To date, I’ve accumulated nearly 30 Laws: principles and truisms that have guided my life.
Having such positive affirmations up on the wall is a subtle but powerful mechanism for shaping one’s neural net. Here are a few examples from the full list:
“Do it by the book, but be the author!”
“No simply means begin one level higher.”
“When in doubt, THINK!”
“You get what you incentivize.”
“The best way to predict the future is to create it yourself!”
“The day before something is a breakthrough, it’s a crazy idea.”
“Without a target you’ll miss it every time.”
“If you can’t measure it, you can’t improve it.”
“The world’s most precious resource is the persistent and passionate human mind.”
If you’d like the entire list, go here and download a free poster of Peter’s Laws.
Consider creating your own version and putting it up on your wall.
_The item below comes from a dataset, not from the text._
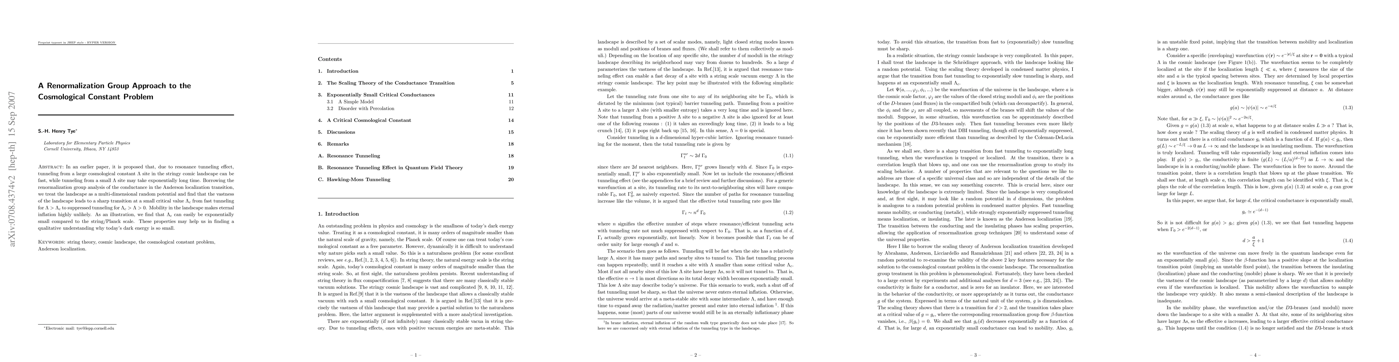 In an earlier paper, it is proposed that, due to resonance tunneling effect, tunneling from a large cosmological constant $\Lambda$ site in the stringy comic landscape can be fast, while tunneling from a small $\Lambda$ site may take exponentially long time. Borrowing the renormalization group analysis of the conductance in the Anderson localization transition, we treat the landscape as a multi-dimensional random potential and find that the vastness of the landscape leads to a sharp transition at a small critical value $\Lambda_{c}$ from fast tunneling for $\Lambda > \Lambda_{c} $ to suppressed tunneling for $\Lambda_{c} > \Lambda >0$. Mobility in the landscape makes eternal inflation highly unlikely. As an illustration, we find that $\Lambda_{c}$ can easily be exponentially small compared to the string/Planck scale. These properties may help us in finding a qualitative understanding why today's dark energy is so small.

I welcome you to use mine, borrow and/or modify the Laws as you see fit.
3. What You Watch & Read
Let’s now turn to the third element under your control—what you watch on TV or read in the newspapers. More specifically, the world of news media.
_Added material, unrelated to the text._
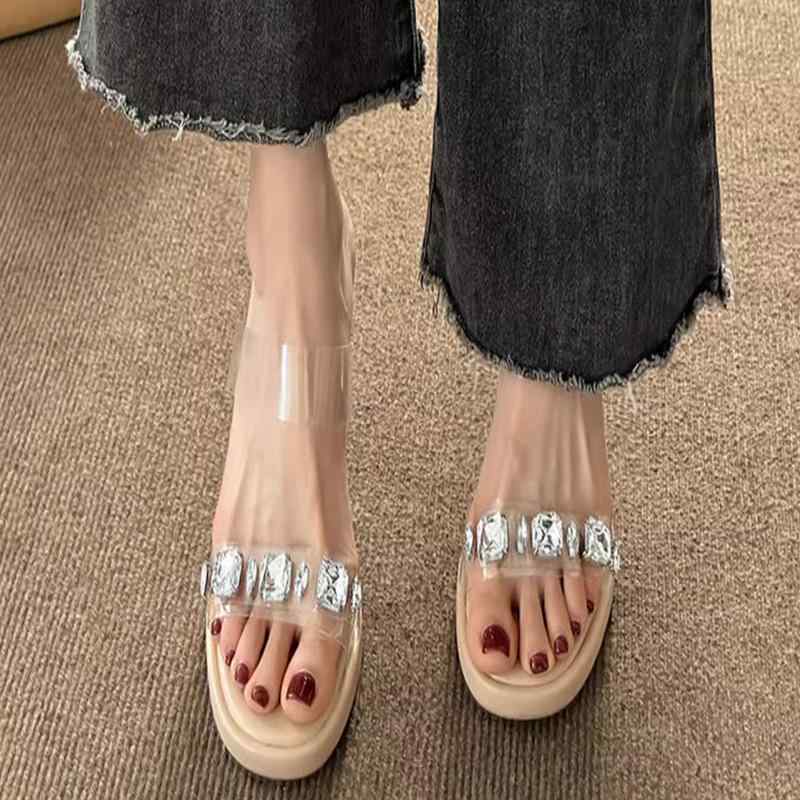 サンダル レディース 水晶 クリア ヒール ミュール スクエアトゥ チャンキーヒール スリッパ つっかけ 外履き 杏色 米白 PVC 通勤

Have you ever wondered why the news is so negative? Why there is a 10-to-1 ratio of negative to positive news stories on TV or in your morning paper?
It turns out there’s a very logical reason. As we discussed in previous blogs, our amygdala is our danger detector, constantly scanning the flood of data around us for any signs of threats. Should it detect danger, it puts you on red alert and grabs your attention. And because the job of the news media is to grab your attention (i.e., your eyeballs) and deliver it to their advertisers, they flood us with negative news.
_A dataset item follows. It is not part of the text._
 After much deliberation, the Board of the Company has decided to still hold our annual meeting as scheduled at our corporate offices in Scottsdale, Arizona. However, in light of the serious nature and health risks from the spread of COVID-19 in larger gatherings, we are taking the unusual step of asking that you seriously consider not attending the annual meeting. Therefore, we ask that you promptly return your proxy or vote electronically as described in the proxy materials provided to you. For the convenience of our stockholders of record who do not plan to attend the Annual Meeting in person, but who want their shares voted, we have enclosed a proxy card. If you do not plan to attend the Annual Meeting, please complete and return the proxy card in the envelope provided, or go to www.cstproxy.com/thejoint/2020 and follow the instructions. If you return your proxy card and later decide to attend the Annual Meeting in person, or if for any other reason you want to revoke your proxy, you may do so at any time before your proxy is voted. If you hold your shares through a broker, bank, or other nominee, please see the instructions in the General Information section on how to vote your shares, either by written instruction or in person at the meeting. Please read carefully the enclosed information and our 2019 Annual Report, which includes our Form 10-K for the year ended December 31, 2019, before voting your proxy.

I refer to CNN as the “Crisis News Network” or the “Constantly Negative Network”—I haven’t yet come up with a good acronym for FOX yet, but they’re just as troublesome.
I don’t deny that there are plenty of negative things going on in the world, but ask yourself these questions: Does today’s TV news deliver you a balanced view of what is actually going on? Are you ever hearing about all the incredible breakthroughs, cures, and lives saved ever day? Or about any of the technological breakthroughs or the innovative companies getting funded?
Also, do you really need to hear about every murder on the planet reported into your living room in graphic detail, over and over again, putting you in a state of fear and anxiety?
This is what makes your amygdala stand at attention.
While it’s not surprising, a study found that watching only 180 seconds (3 minutes) of negative news resulted in a 27% increased likelihood that you would report having an unhappy day at work.
Why This Matters
To be clear, there are a ton of problems and real challenges in the world that need to be solved. We’ll be discussing these in upcoming blogs in this Scaling Abundance series.
But our ability to address those challenges is magnified by changemakers who have an Abundance Mindset—those who believe that “the world’s biggest problems are the world’s biggest opportunities.”
Shifting from scarcity to abundance, and from pessimism to optimism, is critical for entrepreneurs seeking to solve the world’s biggest problems.
When I ask myself why everyone doesn’t see our world of increasing abundance the same way that I do, I’ve come to realize that many tend to romanticize the past and long for what we perceive as the “good old days.”
In the next few blogs in this series, we’ll delve into this paradox—a yearning for a past that was in reality often harsher and less forgiving than the world we inhabit today.
Understanding this tendency and its origins offers another piece of the puzzle to breaking free from the negative mindsets that can hinder our journey towards a more abundant future.